La follia degli Arcuati

- Quando Ubaldo degli Arcuati scendeva dal torrino l'orologio del palazzo municipale batteva la mezzanotte. Era così tutte le sere. Ubaldo degli Arcuati era l'ultimo discendente di un'antica famiglia per secoli dedita all'esercizio delle armi: sia in pace che in guerra. Solo Ubaldo, figlio degenere, poco amante della vita del campo e della guarnigione ed alieno da strane avventure nel cuore della notte tra i vicoli e gli antri più cupi della città, alle armi aveva preferito la freddezza dei codici e il maleodorante olezzo delle pandette. Lui era l'avvocato e in quel di Serralunga era il migliore. In fondo l'avito spirito battagliero in Ubaldo era diventato logica ferrea, dialettica dirompente nella potenza oratoria dell'arringa. Già! ma che ci faceva tutte le sere sopra il torrino? - Chiedeva sempre zio Gustavo mentre con l'indice della mano destra indicava, per l'appunto, il torrino. E noi ragazzi, mentre la luna illuminava i pipistrelli e una falena roteava come scioccata intorno all'unica lampadina del portico, rispondevamo in coro: "Già, cosa ci faceva?"

- Ubaldo degli Arcuati cercava e cercava, tra le carte e la polvere dell'archivio di famiglia, la storia di Sulaima, una bellissima femmina cairota che Sigismondo degli Arcuati, ufficiale napelonico, condusse con sé all'indomani del rinvenimento della stele di Rosetta. Sigismondo amava Sulaima ma l'animo di lei era malvagio. Ella conosceva i segreti del mondo infero e confezionava filtri e pozioni. E nè mentre si concedeva in lascivi amplessi, tracciando nella penombra dell'alcova misteriosi segni, pronunziando mezza voce i numeri della cabala, invocando con la forza del pensiero il demonio Asmodeo, faceva precipitare Sigismondo nel più profondo nero sito nel mezzo della salata depressione del Mar Caspio.
Sigismondo degli Arcuati finì in preda alla follia... Urlava di notte sul torrino mentre inquietanti uccelli neri, come inchinandosi di fronte ad un'enorme regina dal corpo di civetta, lanciavano il loro richiamo verso sperduti branchi di cani randagi. Sigismondo morì. Di Sulaima non si seppe più nulla.
Ma la storia dei due amanti, varcando le mura di Palazzo Arcuati, raggiunse Serralunga dove, per le piazze e per i vicoli, ognuno ne parlava segnandosi rapido con un dito.

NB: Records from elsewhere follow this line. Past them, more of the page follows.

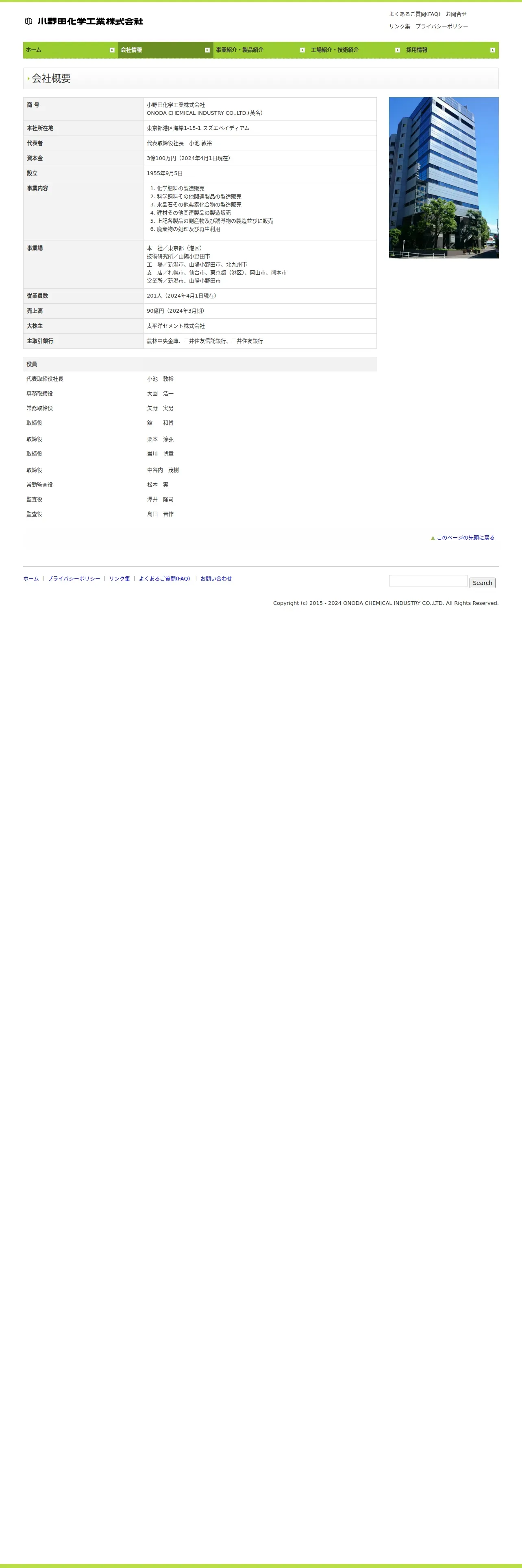 https://www.onoda-kagaku.co.jp:443/profile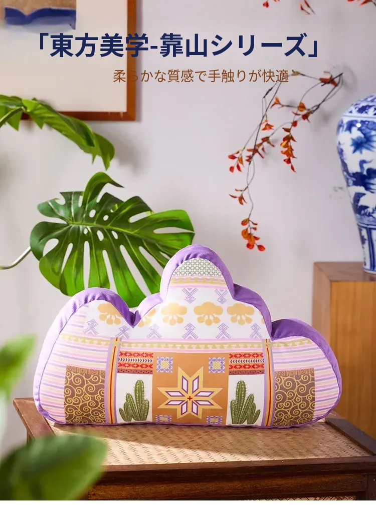 新中式スタイルのリビングソファ用背もたれクッション - オフィスや作業スペースに最適なユニークな腰当て枕!山形デザインで、快適さとエレガンスを兼ね備えた抱き枕。心地よいサポートで、リラックスした空間を演出します!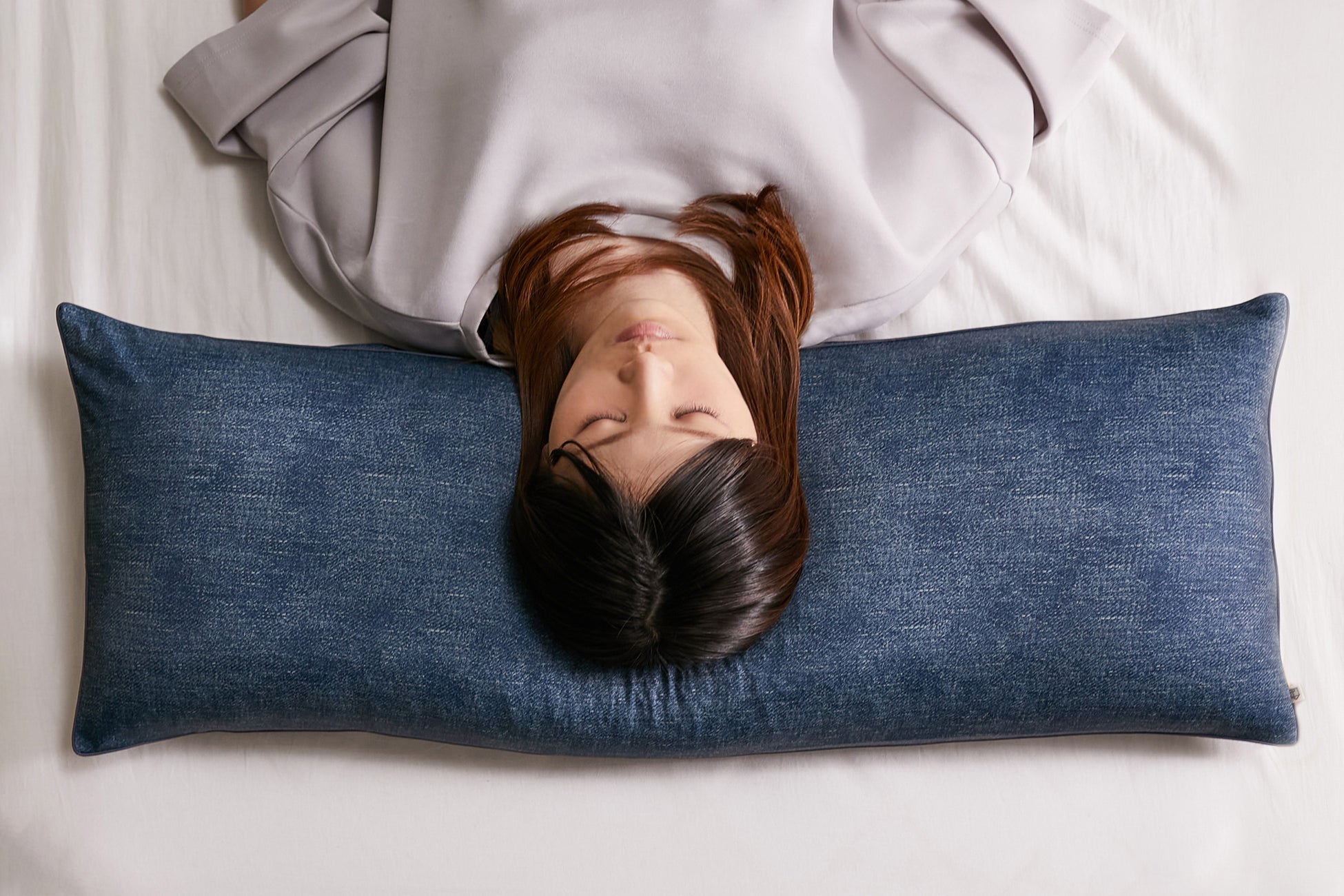 シングルベッドにぴったりなロングサイズ(約90×35cm)で、寝返りを打っても枕から頭が落ちにくく、寝違えを防いで朝まで快眠。大人2人が寝転べるほどの長い枕なので、子どもとの添い寝にもぴったり。ぎゅっと抱きしめても心地よく、抱き枕としてもおすすめです。

E Ubaldo cercava cercava. Quando una sera di un venerdì santo, nell'aprire un quaderno pieno di polvere e ragnatele, Ubaldo cominciò a tossire. Era una tosse secca, fastidiosa, che gli squassava il petto. Ubaldo si accasciò. sentì il bisogno di sedersi... Il rombare del tuono infranse il silenzio della notte. Un lampo di luce blu illuminò il torrino. Sulaima era lì, di fronte a Ubaldo. Non era sola. Asmodeo le dava il braccio. Ubaldo urlò e si precipitò giù dal torrino... - Udimmo il verso della civetta. Rabbrividimmo. Zio Gustavo, improvvisamente serio e accigliato, si accese la pipa.